I’ll get real—septic work ain’t glamorous. But there is an art to it. In 2015, we accepted a disaster job near Lake Stevens. Boulder-filled terrain. Limited budget. Three other companies said it was impossible to be done without explosives. We put in a week hand-digging around rocks, adjusting the drain field precisely. The client teared up when we finished. Not because it was cheap—but because we saved her century-old oak tree.

Our advantage? We’re not just installers. We’ve become historians of soil. We recognize which brands of PVC fail in Washington’s winter cycles (skip the blue-striped material). We’ve memorized which counties have clay that’ll clog a drain field in 5 years. Heck, we even improved our tank baffles in 2019 after seeing how grease buildup ruins pumps. Minor tweak. Huge impact. Maintenance guys thank us for it.

You want stats? Sure. Since 2010, 92% of our systems have lasted 10+ years without major issues. But numbers won’t stink when things go south. Ask Mrs. Henderson from Monroe. Her former installer used inferior aggregate that transformed her leach line into a concrete tomb. We used New Year’s Day 2021 breaking it out. She mailed us cookies for a year.

Let me share the harsh truth: nearly all septic failures happen because someone missed a step. Failed to test the soil thoroughly. Used substandard tanks. Got wrong the water table. We’ve personally fixed dozens of these failures. And each time, we remember another learning. Like in 2022, when we began adding twin risers to every installation. Why? Because Randy, our senior tech, got frustrated of watching homeowners ruin their lawns during checks. Now maintenance is a brief job.

I won’t lie—this work takes a toll on you. Art’s got a snapshot from our earliest commercial job in 2009. We appear like babies playing in Tonka trucks. Today, we’ve wrinkles from squinting at soil reports and laugh lines from clients who became friends. Like the senior couple in Bothell who require we stay for lemonade after all service calls. Or the brewery in Everett whose tank we upgraded last fall—they branded a beer “Septic Solutions Sour.” (That’s… an acquired taste.)
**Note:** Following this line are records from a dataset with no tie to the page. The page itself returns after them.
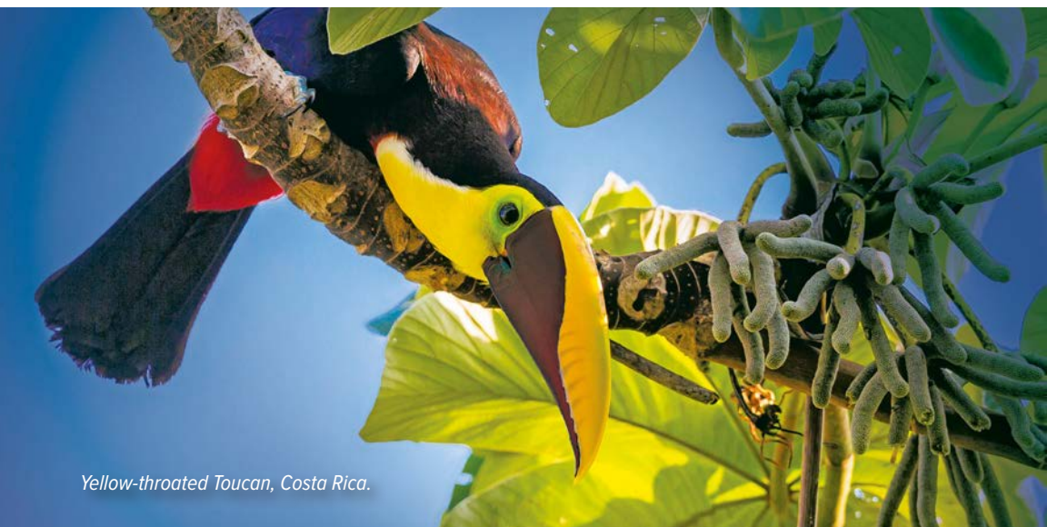
Yellow-throated Toucan, Costa Rica.

8 DAYS/7 NIGHTS—NATIONAL GEOGRAPHIC QUEST
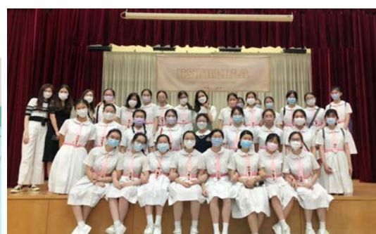
SRL 奧比斯學生大使 × 學生會 Talent Quest - Estrella
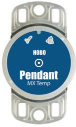
MX2201 Temperature Depth rating 100 ft
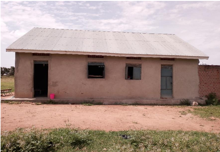
Northern side of building W
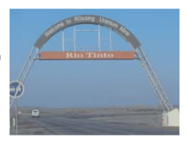
Entry to Rössing Uranium mine

The contribution of Rössing to the economy is enormous. In the year 2006 alone, Rössing contributed N$158 (close to US$ 20) million to government coffers through tax revenues. Production at this site makes up about 3% of the Gross Domestic Product of Namibia (GDP) and 10% of the country's foreign exports. The mine has committed itself in August 2007 to a N$784 million (US$112 million) lifespan extension project that will see the mine through to 2022. This extension is due to the demand for uranium worldwide.
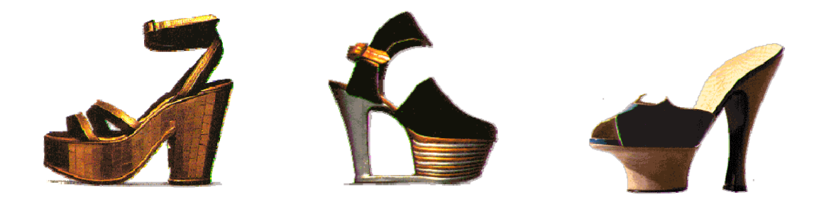
Figure 5.10. Platform Sandals of Andre Perugia, 1939, Salvatore Ferragamo, 1935, Andre Perugia, 1939

So the 30s had passed and toward the end of the 1960s, platforms re-emerged. At the beginning of the fad, they were worn primarily by young women in their teens and twenties, and occasionally by younger girls, older women, and (particularly during the disco era) by young men, and although they did provide added height without nearly the discomfort of spike heels, they seem to have been worn primarily for the sake of attracting attention.
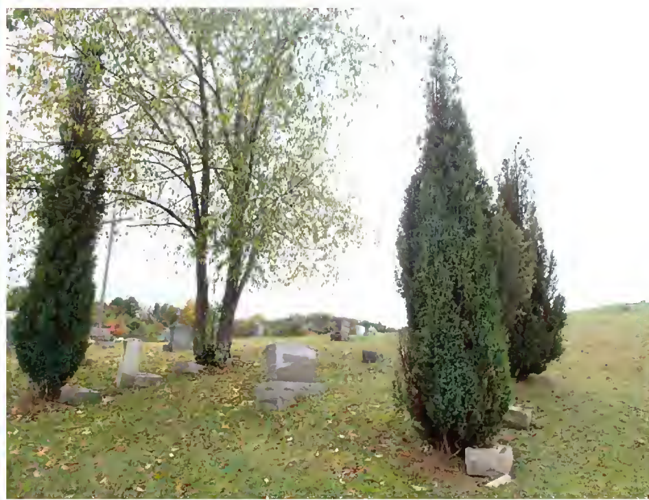
Fig. 11. Elkins, WV cemetery with cultivated J. c. var. communis trees.
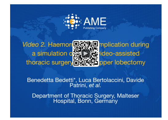
Figure 2 Haemorrhagic complication during a simulation of a right video-assisted thoracic surgery (VATS) upper lobectomy (12). Available online: http://www.asvide.com/article/view/26670

Twenty voluntaries completed all tasks (trainees =12,
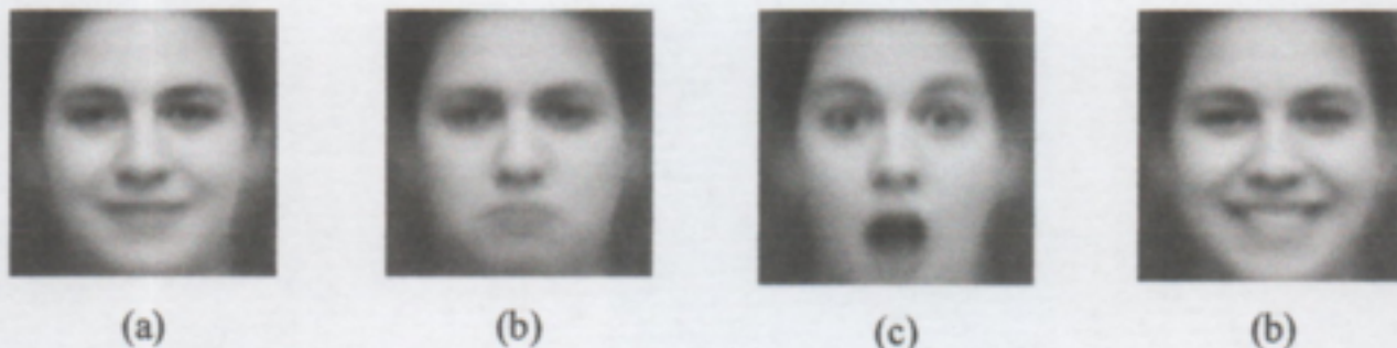
Fig. 4. Eigenface (a) Happy, (b) Sad, (c) Sleppy, (d) Smile

In research, all images are trained using eigenface and then stored based on their classification.
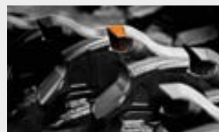
Multiple tooth options
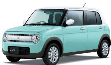
French Mint Pearl Metallic x white roof x brown fender molding (three-tone color)

Awarded model: Suzuki Alto Lapin (three colors)

So yes, we aren’t not the lowest priced. Or the showiest. But when a storm cuts power and your tank’s flooding? You won’t care about coupons. You’re going to want the team who have been there, done that, and still smell like lingering regret. The team that responds at 2 AM because we’ve personally all been that homeowner standing ankle-deep in crisis.

Thinking back, it’s funny. That installer who mentored us as kids? He quit years ago. But his voice still resonate in our heads every time we disturb ground. “Push deeper,” he’d say. “Future you will thank past you.” As it happens, he was not just talking about septic tanks.